[Bf-funboard] Sky Generator

Robert Wenzlaff rwenzlaff at soylent-green.com
Mon Nov 8 18:17:20 CET 2004

At 10:16 AM 11/8/04, you wrote:
>In a professional setup, your data is stored on a remote server anyway 
>(via NFS),
>namely your company's (or home's :) fileserver, and this server does 
>regular backups to a suitable backup system automatically
>without any user interaction.

And in a non-professional setup it's just going to be a 
directory.  Ideally, we want pros and non-pros to see the same thing.

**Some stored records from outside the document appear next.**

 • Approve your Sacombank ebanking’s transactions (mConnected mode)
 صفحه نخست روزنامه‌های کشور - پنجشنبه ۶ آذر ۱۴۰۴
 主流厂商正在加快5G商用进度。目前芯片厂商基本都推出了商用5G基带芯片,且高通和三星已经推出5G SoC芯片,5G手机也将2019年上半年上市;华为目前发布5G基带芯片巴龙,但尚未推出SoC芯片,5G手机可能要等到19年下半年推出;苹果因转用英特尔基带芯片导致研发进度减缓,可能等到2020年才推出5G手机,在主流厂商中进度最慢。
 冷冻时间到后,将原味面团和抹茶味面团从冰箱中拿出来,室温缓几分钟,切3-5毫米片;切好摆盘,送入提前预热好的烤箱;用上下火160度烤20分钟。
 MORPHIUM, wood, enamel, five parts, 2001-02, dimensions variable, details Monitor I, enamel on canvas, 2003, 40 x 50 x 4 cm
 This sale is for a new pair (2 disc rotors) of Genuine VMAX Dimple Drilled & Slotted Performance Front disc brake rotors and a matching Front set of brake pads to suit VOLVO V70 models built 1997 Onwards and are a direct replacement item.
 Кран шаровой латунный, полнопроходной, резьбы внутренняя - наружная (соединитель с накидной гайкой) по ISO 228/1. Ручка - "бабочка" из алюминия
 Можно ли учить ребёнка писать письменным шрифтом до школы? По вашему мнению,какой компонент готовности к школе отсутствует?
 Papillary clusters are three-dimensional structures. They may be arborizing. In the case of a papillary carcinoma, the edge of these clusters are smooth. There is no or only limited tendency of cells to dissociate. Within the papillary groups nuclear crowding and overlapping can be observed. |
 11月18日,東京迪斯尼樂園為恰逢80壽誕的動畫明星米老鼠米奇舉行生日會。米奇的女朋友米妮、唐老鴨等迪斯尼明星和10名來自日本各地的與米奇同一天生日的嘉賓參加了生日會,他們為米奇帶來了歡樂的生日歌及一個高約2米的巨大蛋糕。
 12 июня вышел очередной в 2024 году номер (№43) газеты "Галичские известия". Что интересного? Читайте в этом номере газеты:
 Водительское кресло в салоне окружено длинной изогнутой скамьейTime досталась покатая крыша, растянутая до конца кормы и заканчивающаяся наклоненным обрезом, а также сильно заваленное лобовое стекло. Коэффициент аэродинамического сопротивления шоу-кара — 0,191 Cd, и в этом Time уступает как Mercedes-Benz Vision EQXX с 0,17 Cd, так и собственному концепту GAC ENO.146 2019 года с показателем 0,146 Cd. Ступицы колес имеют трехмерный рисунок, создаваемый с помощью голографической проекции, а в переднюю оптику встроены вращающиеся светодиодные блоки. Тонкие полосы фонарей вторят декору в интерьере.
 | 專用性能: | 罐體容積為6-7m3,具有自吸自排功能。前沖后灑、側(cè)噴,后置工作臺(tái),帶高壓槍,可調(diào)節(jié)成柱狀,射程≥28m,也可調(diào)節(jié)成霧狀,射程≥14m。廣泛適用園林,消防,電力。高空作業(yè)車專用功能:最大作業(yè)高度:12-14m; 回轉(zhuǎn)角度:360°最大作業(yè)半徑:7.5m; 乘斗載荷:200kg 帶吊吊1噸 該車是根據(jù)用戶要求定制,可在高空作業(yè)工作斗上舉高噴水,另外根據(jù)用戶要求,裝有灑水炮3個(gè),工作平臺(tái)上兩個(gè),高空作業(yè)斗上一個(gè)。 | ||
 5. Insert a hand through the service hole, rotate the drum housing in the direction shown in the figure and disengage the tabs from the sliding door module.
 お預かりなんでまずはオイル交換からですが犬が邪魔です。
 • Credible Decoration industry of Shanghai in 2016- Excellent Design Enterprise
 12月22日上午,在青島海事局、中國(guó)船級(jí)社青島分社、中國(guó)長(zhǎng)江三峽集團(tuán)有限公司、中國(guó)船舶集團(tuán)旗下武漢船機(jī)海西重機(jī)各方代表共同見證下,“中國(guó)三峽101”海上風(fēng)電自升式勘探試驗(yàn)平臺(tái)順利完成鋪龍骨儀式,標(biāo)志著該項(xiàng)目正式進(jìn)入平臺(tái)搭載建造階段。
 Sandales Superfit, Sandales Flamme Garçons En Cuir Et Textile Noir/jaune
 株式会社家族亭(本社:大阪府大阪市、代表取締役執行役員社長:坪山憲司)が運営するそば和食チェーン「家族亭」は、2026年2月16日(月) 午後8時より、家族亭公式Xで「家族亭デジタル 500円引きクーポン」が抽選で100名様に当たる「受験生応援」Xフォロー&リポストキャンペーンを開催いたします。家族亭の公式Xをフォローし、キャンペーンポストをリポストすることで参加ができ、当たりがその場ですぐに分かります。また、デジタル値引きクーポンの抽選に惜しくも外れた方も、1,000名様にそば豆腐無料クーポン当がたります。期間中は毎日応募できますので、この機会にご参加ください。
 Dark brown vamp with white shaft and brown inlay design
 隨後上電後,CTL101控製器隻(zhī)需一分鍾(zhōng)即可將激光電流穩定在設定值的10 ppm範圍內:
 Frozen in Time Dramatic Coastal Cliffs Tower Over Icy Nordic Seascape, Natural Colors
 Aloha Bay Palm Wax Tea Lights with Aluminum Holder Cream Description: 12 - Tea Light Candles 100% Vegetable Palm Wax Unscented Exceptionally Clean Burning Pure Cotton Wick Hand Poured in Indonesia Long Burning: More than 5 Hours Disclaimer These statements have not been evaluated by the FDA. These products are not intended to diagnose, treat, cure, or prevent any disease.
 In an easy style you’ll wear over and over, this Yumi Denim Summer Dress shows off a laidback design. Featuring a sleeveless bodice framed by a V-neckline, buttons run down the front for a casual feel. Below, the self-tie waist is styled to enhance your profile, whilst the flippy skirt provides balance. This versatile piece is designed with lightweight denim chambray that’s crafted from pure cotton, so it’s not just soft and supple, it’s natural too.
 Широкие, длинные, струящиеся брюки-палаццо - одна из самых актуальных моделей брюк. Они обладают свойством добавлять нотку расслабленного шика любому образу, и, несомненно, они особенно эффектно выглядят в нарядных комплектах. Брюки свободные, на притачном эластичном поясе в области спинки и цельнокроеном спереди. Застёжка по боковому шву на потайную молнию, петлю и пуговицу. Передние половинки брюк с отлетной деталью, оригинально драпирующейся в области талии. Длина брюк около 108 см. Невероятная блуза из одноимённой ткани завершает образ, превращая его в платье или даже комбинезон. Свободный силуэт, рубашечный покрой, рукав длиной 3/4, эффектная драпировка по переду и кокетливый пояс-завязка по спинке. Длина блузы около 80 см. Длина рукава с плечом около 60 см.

For *ix's there is ftpfs which allows you to mount an FTP server as part of 
your file system.  Writes to that dir issue the appropriate 'put' command 
and reads the 'get'.  But that may not be the best way for remote 
collaboration since I don't know how/if it works over the Win based platforms.

I suppose that it wouldn't be that difficult to make Blender use sockets if 
the library directory to be read starts with "http://" (or whatever), but 
it opens a whole can of worms as to how the server-side must be set up.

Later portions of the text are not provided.